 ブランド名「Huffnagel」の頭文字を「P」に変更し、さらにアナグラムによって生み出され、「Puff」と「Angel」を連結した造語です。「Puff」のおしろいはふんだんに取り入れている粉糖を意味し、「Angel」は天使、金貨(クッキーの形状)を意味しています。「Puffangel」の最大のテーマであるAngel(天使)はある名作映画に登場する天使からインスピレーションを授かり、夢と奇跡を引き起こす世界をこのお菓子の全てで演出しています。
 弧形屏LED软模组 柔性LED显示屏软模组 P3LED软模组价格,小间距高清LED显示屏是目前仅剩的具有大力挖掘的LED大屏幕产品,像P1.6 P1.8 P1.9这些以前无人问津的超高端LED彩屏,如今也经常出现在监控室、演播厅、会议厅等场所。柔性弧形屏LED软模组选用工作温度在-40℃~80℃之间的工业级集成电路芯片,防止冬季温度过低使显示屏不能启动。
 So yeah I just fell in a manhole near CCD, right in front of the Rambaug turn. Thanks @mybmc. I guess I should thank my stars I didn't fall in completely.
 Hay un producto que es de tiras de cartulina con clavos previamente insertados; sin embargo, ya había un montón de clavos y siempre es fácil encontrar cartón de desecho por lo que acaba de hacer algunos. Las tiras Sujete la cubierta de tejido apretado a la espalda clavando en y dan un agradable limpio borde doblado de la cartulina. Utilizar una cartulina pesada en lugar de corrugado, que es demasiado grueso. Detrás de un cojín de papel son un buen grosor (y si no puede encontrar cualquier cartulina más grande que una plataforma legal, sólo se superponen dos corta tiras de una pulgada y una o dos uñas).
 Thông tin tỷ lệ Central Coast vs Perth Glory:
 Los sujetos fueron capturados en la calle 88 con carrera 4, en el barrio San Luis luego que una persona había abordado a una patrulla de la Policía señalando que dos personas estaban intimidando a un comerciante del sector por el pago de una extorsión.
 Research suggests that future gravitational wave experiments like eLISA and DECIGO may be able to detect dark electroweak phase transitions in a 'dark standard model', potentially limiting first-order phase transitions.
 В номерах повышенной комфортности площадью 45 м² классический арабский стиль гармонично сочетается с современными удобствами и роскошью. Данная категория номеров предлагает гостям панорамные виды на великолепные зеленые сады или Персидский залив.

...

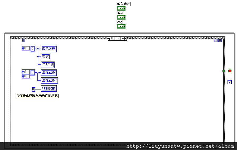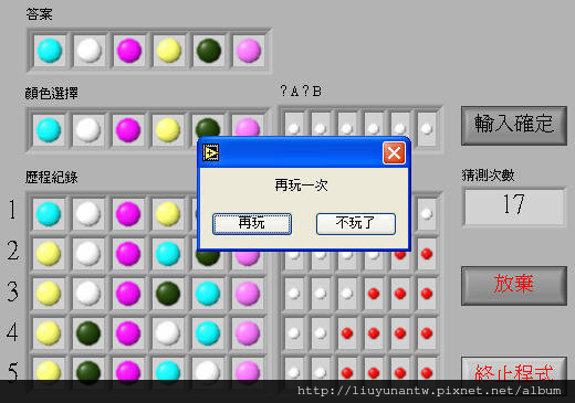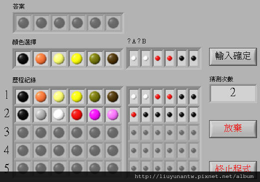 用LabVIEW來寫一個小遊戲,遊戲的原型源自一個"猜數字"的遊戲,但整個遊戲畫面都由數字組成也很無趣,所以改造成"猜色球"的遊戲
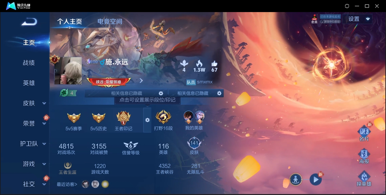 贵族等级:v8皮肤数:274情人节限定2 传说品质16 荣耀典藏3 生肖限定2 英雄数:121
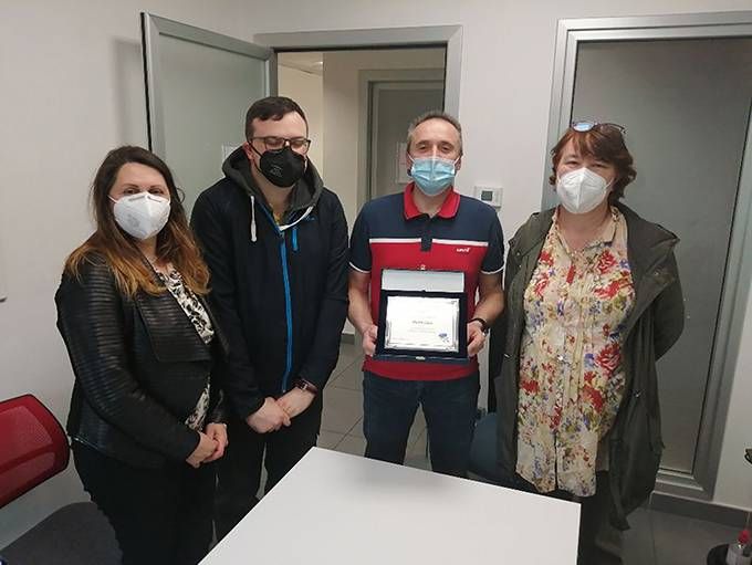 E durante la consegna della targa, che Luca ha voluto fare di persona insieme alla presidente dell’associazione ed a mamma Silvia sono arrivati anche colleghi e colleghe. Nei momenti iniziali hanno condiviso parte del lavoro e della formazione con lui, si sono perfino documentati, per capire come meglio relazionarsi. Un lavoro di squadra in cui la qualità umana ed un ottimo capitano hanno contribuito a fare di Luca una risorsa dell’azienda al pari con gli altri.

---

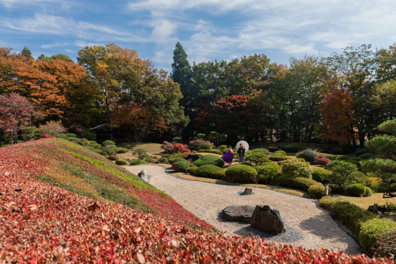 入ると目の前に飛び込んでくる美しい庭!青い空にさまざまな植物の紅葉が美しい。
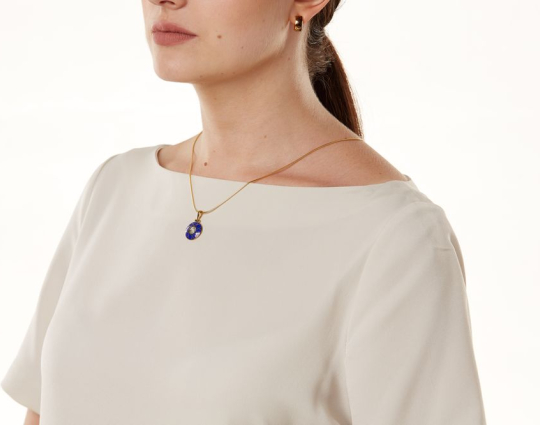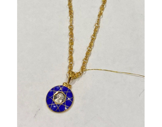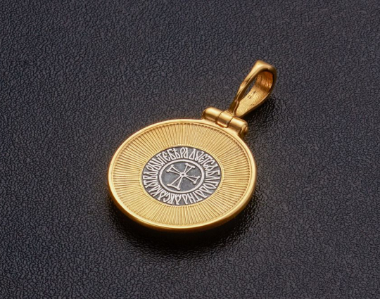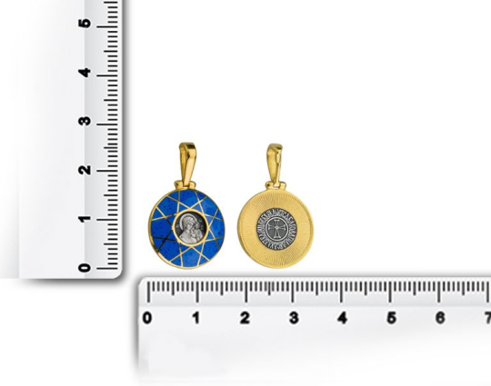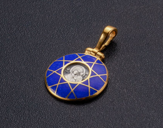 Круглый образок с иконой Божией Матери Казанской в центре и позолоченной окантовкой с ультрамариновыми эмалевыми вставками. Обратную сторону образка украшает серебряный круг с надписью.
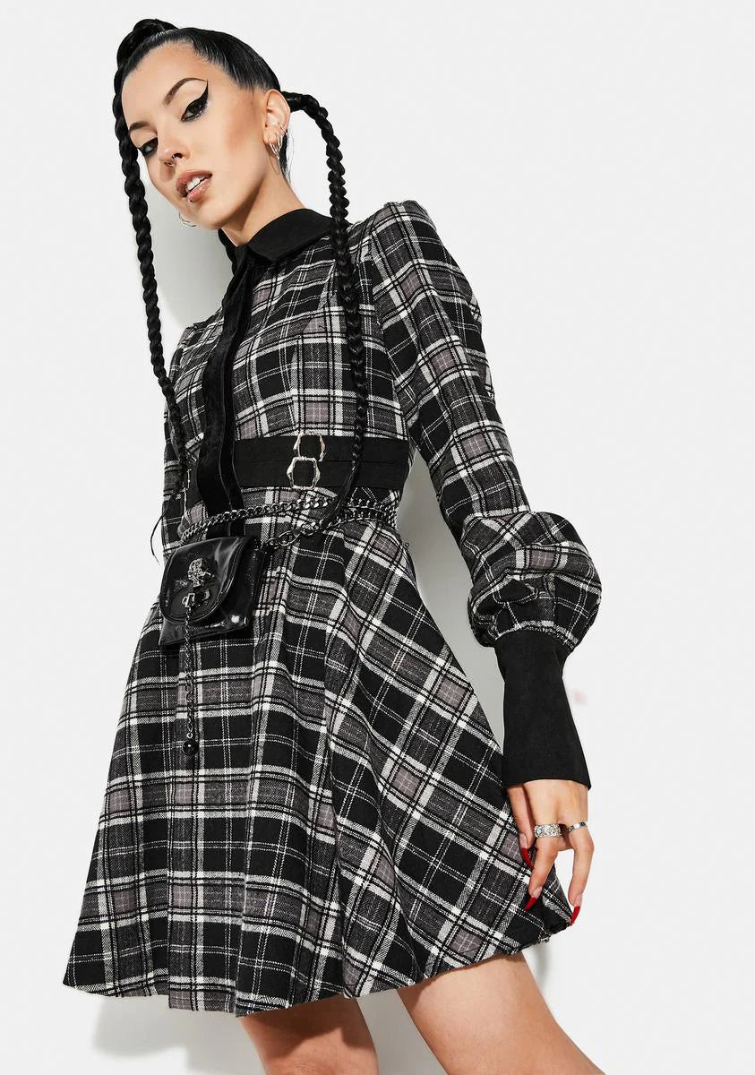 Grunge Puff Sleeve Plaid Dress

### [PROBLEM TO WORK ON]
Copy each line from the data above that includes "había".

### [WRITTEN SOLUTION]
 Hay un producto que es de tiras de cartulina con clavos previamente insertados; sin embargo, ya había un montón de clavos y siempre es fácil encontrar cartón de desecho por lo que acaba de hacer algunos. Las tiras Sujete la cubierta de tejido apretado a la espalda clavando en y dan un agradable limpio borde doblado de la cartulina. Utilizar una cartulina pesada en lugar de corrugado, que es demasiado grueso. Detrás de un cojín de papel son un buen grosor (y si no puede encontrar cualquier cartulina más grande que una plataforma legal, sólo se superponen dos corta tiras de una pulgada y una o dos uñas).
 Los sujetos fueron capturados en la calle 88 con carrera 4, en el barrio San Luis luego que una persona había abordado a una patrulla de la Policía señalando que dos personas estaban intimidando a un comerciante del sector por el pago de una extorsión.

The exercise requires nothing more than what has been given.